Anak usia 0-6 tahun merupakan anak yang berada pada usia yang biasa disebut golden
age, masa ini merupakan masa untuk meletakan dasar pertama dan mengembangkan kemampuan
fisik, kognitif, bahasa, ataupun nilai-nilai agama dan moral. Anak usia dini adalah masa
perkembangan yang dimulai sejak akhir masa kanak-kanak sampai sekitar 5 atau 6 tahun, pada
masa ini anak berada pada kemampuan yang lebih kompleks dimana anak sudah bisa
mengungkapkan suatu hal dengan menggunakan kalimat yang baik, aktif, dan dapat memahami
suatu cerita yang sederhana.

Bercakap-cakap merupakan upaya kita dalam meningkatkan kemampuan berbicara anak.


Kemampuan berbicara merupakan kemampuan anak dalam berbahasa dan berkomunikasi untuk
menyampaikan perasaannya kepada orang lain. Perkembangan bahasa adalah hal yang penting
untuk dikembangkan pada masa dini, karena dengan bahasa anak dapat berkomunikasi dengan
sekitarnya. Bahasa adalah bentuk komunikasi baik lisan, tertulis, ataupun isyarat. Sedangkan
bercerita merupakan kegiatan yang memiliki banyak manfaat khususnya dalam perkembangan
berbahasa pada anak seperti memperkaya kosakata dan memperoleh struktur bahasa yang
merupakan hal penting dalam berkomunikasi.

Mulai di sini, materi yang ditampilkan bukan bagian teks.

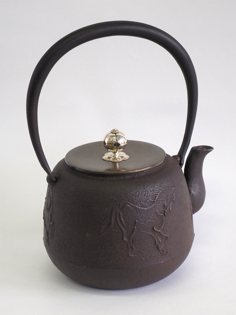 和銑真砂(わずくまさご)鉄瓶 駒ノ図 撮み/銀/南陵製 蓋/特製唐銅蓋 |

Kemampuan berbicara pada anak juga dipengaruhi oleh lingkungan dan orang sekitarnya,
salah satunya adalah guru. Seorang guru PAUD dituntut untuk memiliki pengetahuan mengenai
perkembangan anak serta menguasai materi yang diajarkan di kelas anak usia dini. Pada hal ini
yang harus dilakukan oleh guru adalah memilih strategi untuk pembelajaran anak. Jean J.
Rousseanu merekomendasikan agar guru dapat mengetahui minat pada anak, agar mudah untuk
mengetahui perkembangannya. Salah satu metode pengembangan bahasa adalah dengan
bercerita (story telling). Story telling sebagai alat pembelajaran dapat meningkatkan
kemampuannya dalam berbicara atau mengkomunikasikan pikiran dan perasaannya dengan jelas.

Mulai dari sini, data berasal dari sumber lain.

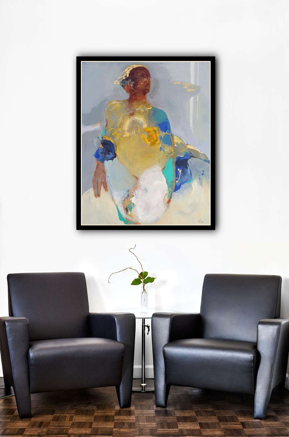 Figurative abstraction has been a continual undercurrent of my portfolio ever since I was a student. My Masters degree project was a series of huge abstract figures and through them I discovered that I was able to express so much of my inner life that I found almost impossible to articulate in any other way. My figures are based on memories and sensations and figurative work has always been a medium through which I can find a profound connection to myself and my emotions. I remember people as energies and, for me, those translate as colours. I use different colour combinations create visual impacts and surprises, analogous to events in life; they don't all have to be high-contrast fireworks and be exciting to have meaning, some are definitely more muted and monochromatic. Whilst we see each other as individuals, we all experience similar things; loneliness and happiness, creativity and stagnation are all sensations felt by most of humanity, so I'm fascinated in the use of colour to communicate and share these feelings that are triggered by events. There's a deep satisfaction in creating art - it's a cross-section of what's going on in my mind. I don't think of individual figurative paintings as things that are "complete", they're more like snapshots of a continual, dynamic evolution of the self; some bits are highly detailed and focussed whilst others are blurred, some details are further away, some things are highlighted like flashes of inspired awareness, other aspects are ambiguous or ignored completely.

Keterkaitan Storytelling terhadap Kemampuan Berbicara

Berbicara merupakan kemampuan yang tidak dapat dikuasai dengan sendirinya, tetapi
perlu ada kegiatan yang dapat mempermudah anak dalam mengembangkan kemampuan tersebut
dan disini salah satunya yaitu dengan bercerita. Pada usia 4-6 tahun pada umumnya anak senang
mendengarkan cerita yang sederhana. Bercerita merupakan peluang besar untuk mengeksplorasi
anak dan juga sebagai alat pembelajaran yang membuat anak lebih mudah mengekspresikan
perasaan mereka. Selain itu juga dapat menambah kosa kata dalam merangkai kata pada anak
sesuai dengan perkembangannya. Pravamayee Samantaray menyatakan beberapa karakteristik
dari kegiatan bercerita yaitu memancing rasa ingin tau, membangkitkan imajinasi dan minat anak
pada keterampilan, meningkatkan keterampilan mendengar dan komunikasi lisan, proses
kegiatan yang interaktif dan kooperatif.

Berdasarkan uraian diatas , diketahui keterkaitan antara storytelling atau bercerita


terhadap kemampuan berbicara pada anak adalah dengan melalui storytelling ada peningkatan
penguasaan jumlah kosakata. Selain itu dengan adanya kegiatan storytelling bisa merangsang
daya imajinasi dan kreativitas anak, melatih bahasa dan ekspresi verbal. Storytelling ini juga
meningkatkan komunikasi lisan dan mendorong anak untuk lebih ekspresif yang mendukung
perkembangan mendengar anak untuk membantu kemampuan berbicara anak dengan baik.
Selain itu juga bisa membantu anak dalam merangkai kata-kata untuk berbicara.